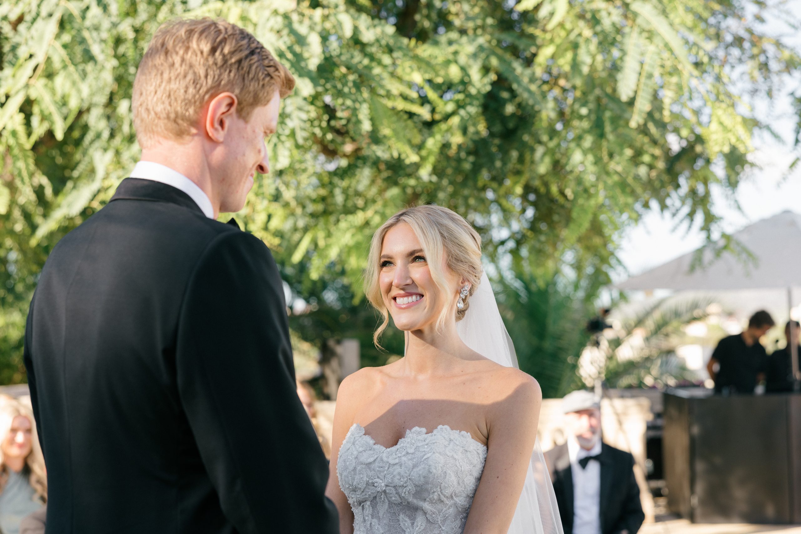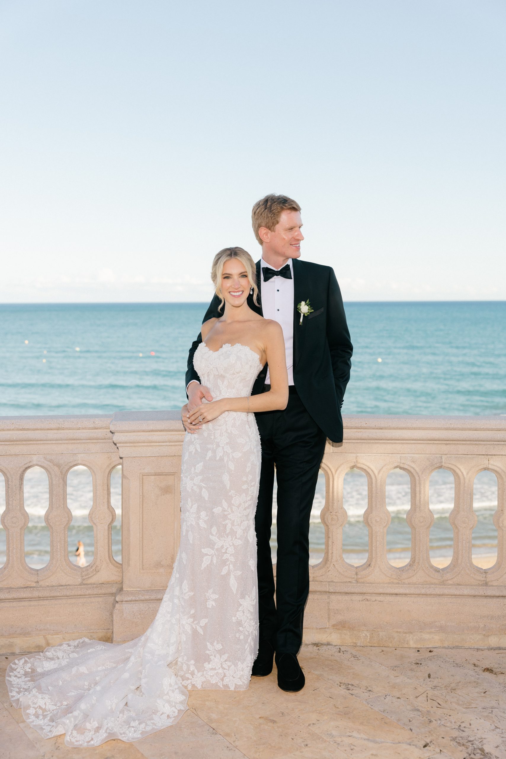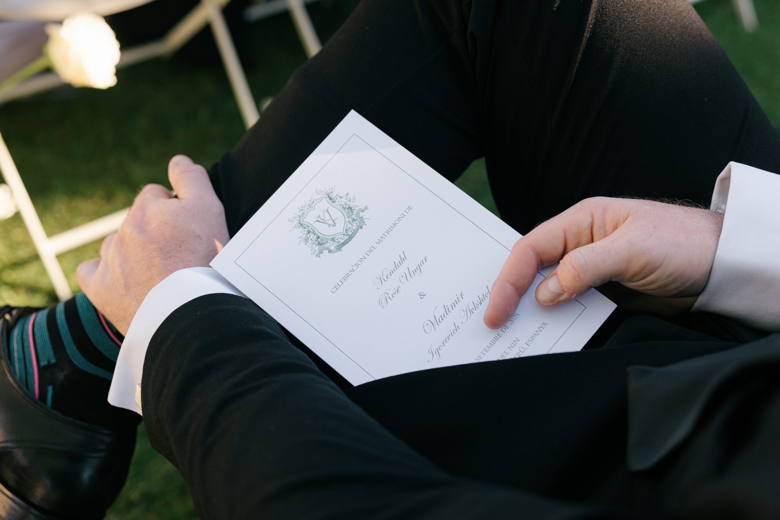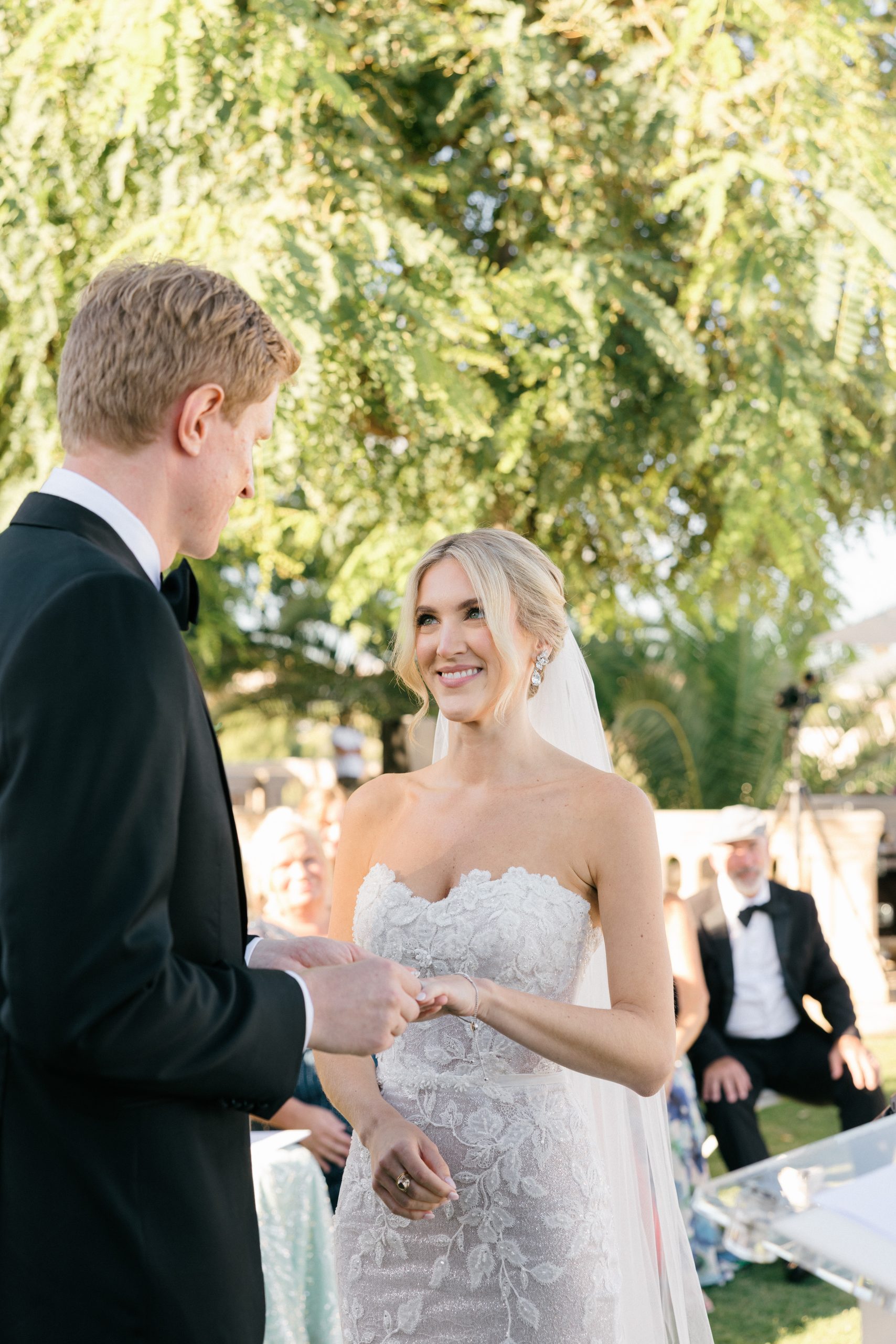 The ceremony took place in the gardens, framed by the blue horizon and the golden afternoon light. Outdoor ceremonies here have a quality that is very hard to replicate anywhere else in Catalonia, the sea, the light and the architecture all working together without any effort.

--

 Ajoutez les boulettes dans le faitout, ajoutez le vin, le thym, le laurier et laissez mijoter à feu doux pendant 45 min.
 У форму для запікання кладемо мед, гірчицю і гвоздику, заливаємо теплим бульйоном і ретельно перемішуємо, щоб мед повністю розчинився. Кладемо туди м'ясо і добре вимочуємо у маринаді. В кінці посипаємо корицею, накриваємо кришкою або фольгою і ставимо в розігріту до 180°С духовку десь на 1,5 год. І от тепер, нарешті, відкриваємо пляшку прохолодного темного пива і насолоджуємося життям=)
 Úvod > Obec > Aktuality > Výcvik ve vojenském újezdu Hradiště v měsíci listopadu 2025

■ WHAT YOU WILL DO
Beginning at the line above with "Ajoutez les boulettes" and finishing at the line with "Úvod > Obec", return each line exactly and return nothing else.

■ RESPONSE BELOW
 Ajoutez les boulettes dans le faitout, ajoutez le vin, le thym, le laurier et laissez mijoter à feu doux pendant 45 min.
 У форму для запікання кладемо мед, гірчицю і гвоздику, заливаємо теплим бульйоном і ретельно перемішуємо, щоб мед повністю розчинився. Кладемо туди м'ясо і добре вимочуємо у маринаді. В кінці посипаємо корицею, накриваємо кришкою або фольгою і ставимо в розігріту до 180°С духовку десь на 1,5 год. І от тепер, нарешті, відкриваємо пляшку прохолодного темного пива і насолоджуємося життям=)
 Úvod > Obec > Aktuality > Výcvik ve vojenském újezdu Hradiště v měsíci listopadu 2025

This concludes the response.